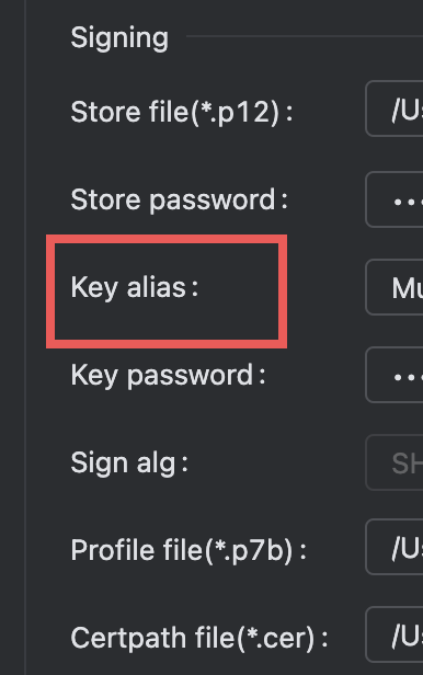 build-profile.json5或signingConfigs中配置的keyAlias是否与.p12或.jks证书文件中的别名完全一致(区分大小写)。 -
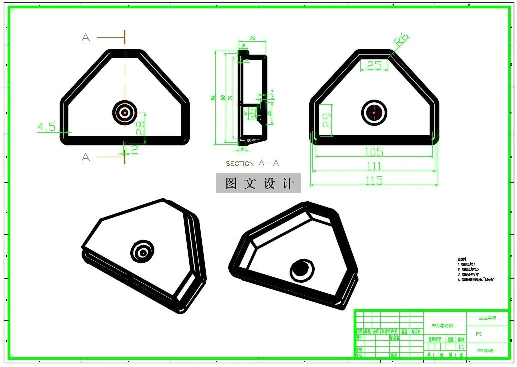 注射模可设计成一模一腔也可设计成一模多腔。其数目的确定要从以下几个方面考虑: 1、注塑产品的尺寸及结构的复杂性 2、塑件的尺寸精度—型腔越多,精度也相对降低。这不仅由于型腔加工精度产差,也由于熔体在模具内流动不均所致。 3、制造难度—多腔模比单腔模的难度大。 4、制造成本—多腔模高于单腔模,但不是简单的倍数关系。从塑单件成本中所占的费用比例来看比单腔模低。 5、注塑成型的生产效益。从表面上看,多腔模比单腔模高的多,单多腔模所使用的注射极大,每一注射循环期长而维持费用高。 根据以上几方面,一般小尺寸及结构简单的模具适合一模多腔。针对本次所设计的模具,其塑件的外型尺寸为Φ28×18(mm)为中型且结构复杂,我选择一模两腔。 405655
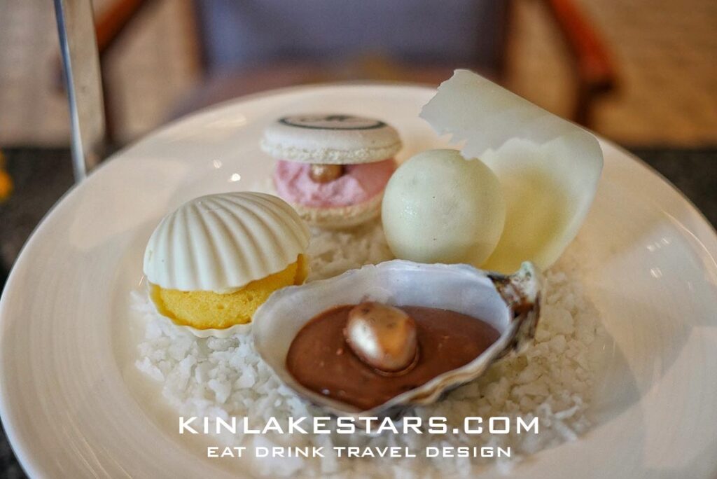 อันโตนิโอ หยาง หัวหน้าพ่อครัวขนมสุโขทัยกรุงเทพฯ The Sukhothai Bangkok และทีมงานมากความสามารถภูมิใจเสนอชุดน้ำชายามบ่ายที่สวยงามซึ่งประดิษฐ์ขึ้นตามธีม “Legacy of Pearls” ในชุดมีทั้งอาหารคาวและของหวานที่หลากหลาย โดยทุกชิ้นได้แรงบันดาลใจและนำเสนอออกมาถึงรูปทรงของหอยและไข่มุก เช่น หอยนางรมลวก ริคอตต้าทรัฟเฟิลพัฟเพสตรี้ มูสตับไก่กับไข่มุกสีส้ม และอื่นๆ อีกมากมาย ชุดน้ำชายามบ่ายนี้จะเสิร์ฟพร้อมกับ SARO, The Oriental Senses of Premium Organic Tea
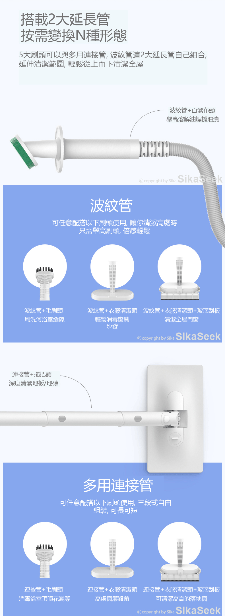 波紋管這2大延長管自己組合, 延伸清潔範圍, 輕鬆從上而下清潔全屋

------

EXERCISE INSTRUCTIONS => Output the material word for word, omitting its pictures.

RESULT OF THIS TASK =>
 build-profile.json5或signingConfigs中配置的keyAlias是否与.p12或.jks证书文件中的别名完全一致(区分大小写)。 -
 注射模可设计成一模一腔也可设计成一模多腔。其数目的确定要从以下几个方面考虑: 1、注塑产品的尺寸及结构的复杂性 2、塑件的尺寸精度—型腔越多,精度也相对降低。这不仅由于型腔加工精度产差,也由于熔体在模具内流动不均所致。 3、制造难度—多腔模比单腔模的难度大。 4、制造成本—多腔模高于单腔模,但不是简单的倍数关系。从塑单件成本中所占的费用比例来看比单腔模低。 5、注塑成型的生产效益。从表面上看,多腔模比单腔模高的多,单多腔模所使用的注射极大,每一注射循环期长而维持费用高。 根据以上几方面,一般小尺寸及结构简单的模具适合一模多腔。针对本次所设计的模具,其塑件的外型尺寸为Φ28×18(mm)为中型且结构复杂,我选择一模两腔。 405655
 อันโตนิโอ หยาง หัวหน้าพ่อครัวขนมสุโขทัยกรุงเทพฯ The Sukhothai Bangkok และทีมงานมากความสามารถภูมิใจเสนอชุดน้ำชายามบ่ายที่สวยงามซึ่งประดิษฐ์ขึ้นตามธีม “Legacy of Pearls” ในชุดมีทั้งอาหารคาวและของหวานที่หลากหลาย โดยทุกชิ้นได้แรงบันดาลใจและนำเสนอออกมาถึงรูปทรงของหอยและไข่มุก เช่น หอยนางรมลวก ริคอตต้าทรัฟเฟิลพัฟเพสตรี้ มูสตับไก่กับไข่มุกสีส้ม และอื่นๆ อีกมากมาย ชุดน้ำชายามบ่ายนี้จะเสิร์ฟพร้อมกับ SARO, The Oriental Senses of Premium Organic Tea
 波紋管這2大延長管自己組合, 延伸清潔範圍, 輕鬆從上而下清潔全屋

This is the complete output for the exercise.